(DATA SECTION)

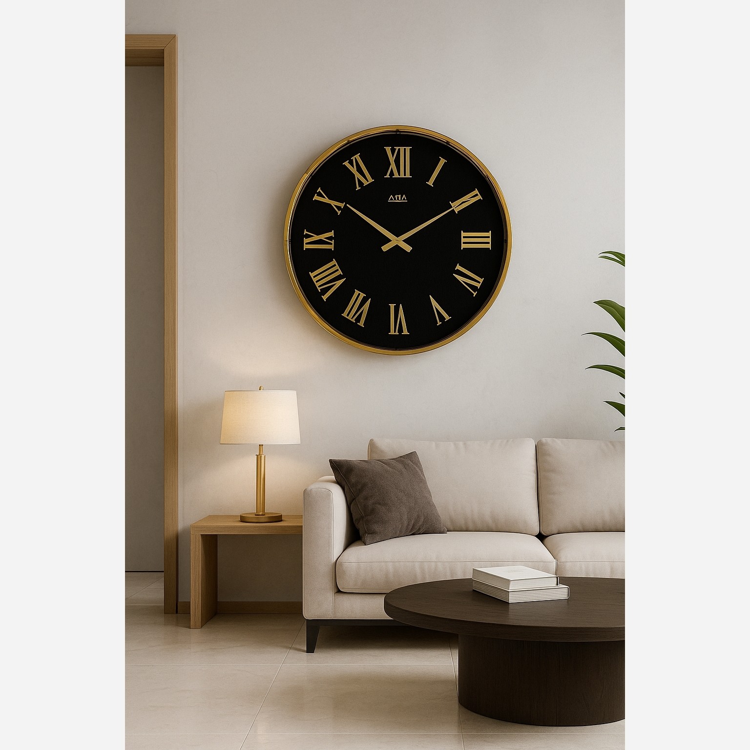 ساعت دیواری فلزی چرمی طلایی مشکی آبکاری دورینگ مبلمونسرا مدل 238238
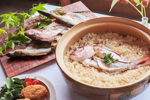 出汁は昆布だしにこだわり調味料を合わせた鯛めしセット。
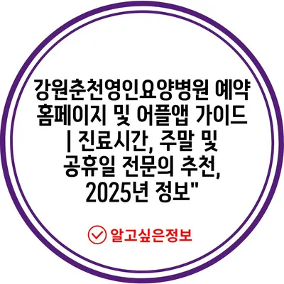 강원춘천영인요양병원 예약 홈페이지 및 어플앱 설명서 | 진료시간, 주말 및 공휴일 전연락 추천, 2025년 정보에 대해 알아보겠습니다.
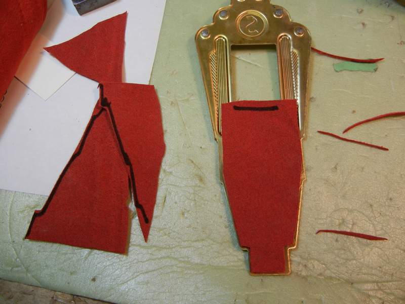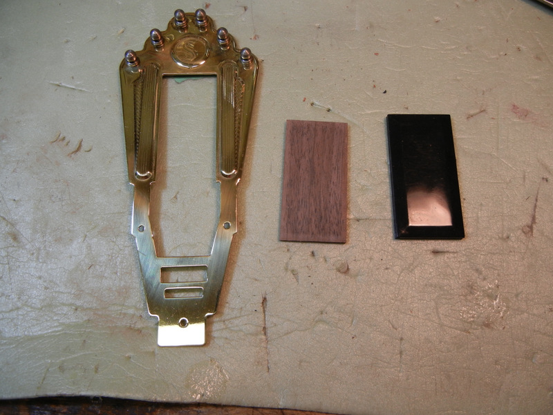 To get on with the guitar making, I removed the cheapo plastic insert from the tailpiece so I could put in a nice matching piece of walnut. A few saw cuts around the edges and in it went. Then I spent half the day wiping on the french polish finish. About twenty coats later it began to shine. Then I put the red leather patch on. This is traditional, and protects the guitar wood from the sharp metal edges. The tailpiece comes flat too, and has to be bent. Clamp in vice and bend 90 degrees – done. To install it has to be dead centre with the neck. I checked this again with my long metal straight edge, and verified the centre line. Right at the butt seam where it was designed to be. Good work!

(End DATA SECTION)

EXERCISE AIM: Your task is to restate word for word the lines from the one containing "강원춘천영인요양병원 예약 홈페이지" through the last line of the data, both ends included, with no pictures.

RESULT FOR THIS EXERCISE:
 강원춘천영인요양병원 예약 홈페이지 및 어플앱 설명서 | 진료시간, 주말 및 공휴일 전연락 추천, 2025년 정보에 대해 알아보겠습니다.
 To get on with the guitar making, I removed the cheapo plastic insert from the tailpiece so I could put in a nice matching piece of walnut. A few saw cuts around the edges and in it went. Then I spent half the day wiping on the french polish finish. About twenty coats later it began to shine. Then I put the red leather patch on. This is traditional, and protects the guitar wood from the sharp metal edges. The tailpiece comes flat too, and has to be bent. Clamp in vice and bend 90 degrees – done. To install it has to be dead centre with the neck. I checked this again with my long metal straight edge, and verified the centre line. Right at the butt seam where it was designed to be. Good work!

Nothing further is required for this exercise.